Put sugar in a drink of tea or coffee now and I'll spit it out, tastes sort of sour/rancid/off - NOT sweet !
 
Sugar is only a problem because they stick it in everything, then the other rubbish goes in. Go buy a pre packed sandwich, as diabetics we know looking at it what to expect, yet there is so much more carbs, sugar and fats in it than expected.
The hardest thing i find about being diabetic is understanding food, and with packaging renaming certain ingredients with different names, just to hide what they stick in it.
If you tax sugar then you have to tax fats, processed food, red meat where does it end??
alcohol and cigarettes are taxed very heavy, yet people still smoke and drink.

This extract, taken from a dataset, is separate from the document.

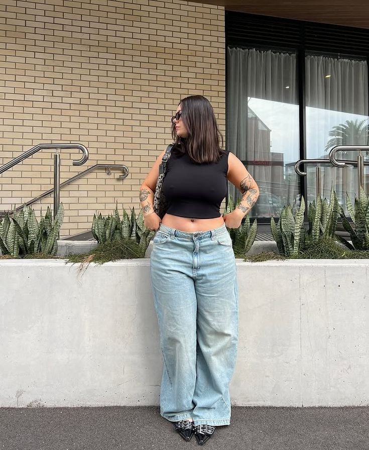 Baggy jeans don’t belong to one body type. Styling does the work, not the body.

I think we need real education on what we consume, not going to stop everyone, but i think it would make more impact than tax.
 
Sugar is only a problem because they stick it in everything, then the other rubbish goes in. Go buy a pre packed sandwich, as diabetics we know looking at it what to expect, yet there is so much more carbs, sugar and fats in it than expected.
The hardest thing i find about being diabetic is understanding food, and with packaging renaming certain ingredients with different names, just to hide what they stick in it.

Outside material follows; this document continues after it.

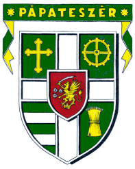 2.§ The Coat of Arms of Pa'patesze'r Village is green-coloured standing Gothic shield split in four by silver stake and stripe, with rosette shield. In the first field there is a clover-ended floating gold Latin crucifix, in the second one there is a floating gold mill-wheel with four spoke, in the third one there are two silver stripes, in the fourth one there is a floating gold wheat sheaf. On the Gothic red rosette shield there is a gryphon looking right, standing on tip-toe on a floating three-armed crown with a silver curved sabre in the right hand and three red-centered silver rose in the left. On a green band floating above the shield there is the name of the village written in gold: "PA'PATESZE'R"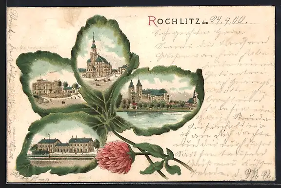 Passepartout-Lithographie Rochlitz, Kgl. Amtshauptmannschaft im Kleeblatt

If you tax sugar then you have to tax fats, processed food, red meat where does it end??
alcohol and cigarettes are taxed very heavy, yet people still smoke and drink.
I think we need real education on what we consume, not going to stop everyone, but i think it would make more impact than tax.

I agree. I don't have children so don't know how much education kids receive about food and nutrition in schools these days, but from seeing past Oliver crusades it would seem to be very little :( There should be a real push to make this one of the most important items on the curriculum, teaching how to make quick, nutritious meals cheaply and why to avoid pre-packaged processed slop! 🙂
 
I was a mid/late 70s kid and we had the 'pop man' who delivered the fizzy pop and we then returned the empty bottles to the shop attached to the pub and would get a few pence for them which we would spend on sweets!
I believe my sweet tooth came from being given a dummy dipped in a syrup of some sort as I never shut up and every single holiday pic of me is being carried everywhere til
I was 8 with a stick of rock in my hand! I deffo did things differently bringing up my son.

I remember having wholesome meals cooked from scratch. Chippy tea on a thurs and no other bad food.

Those days seemed to be more families coming together to help out but we are all so busy these trying to
Do it all, that our lives are so different. So it's easy to see how things have got the way they are.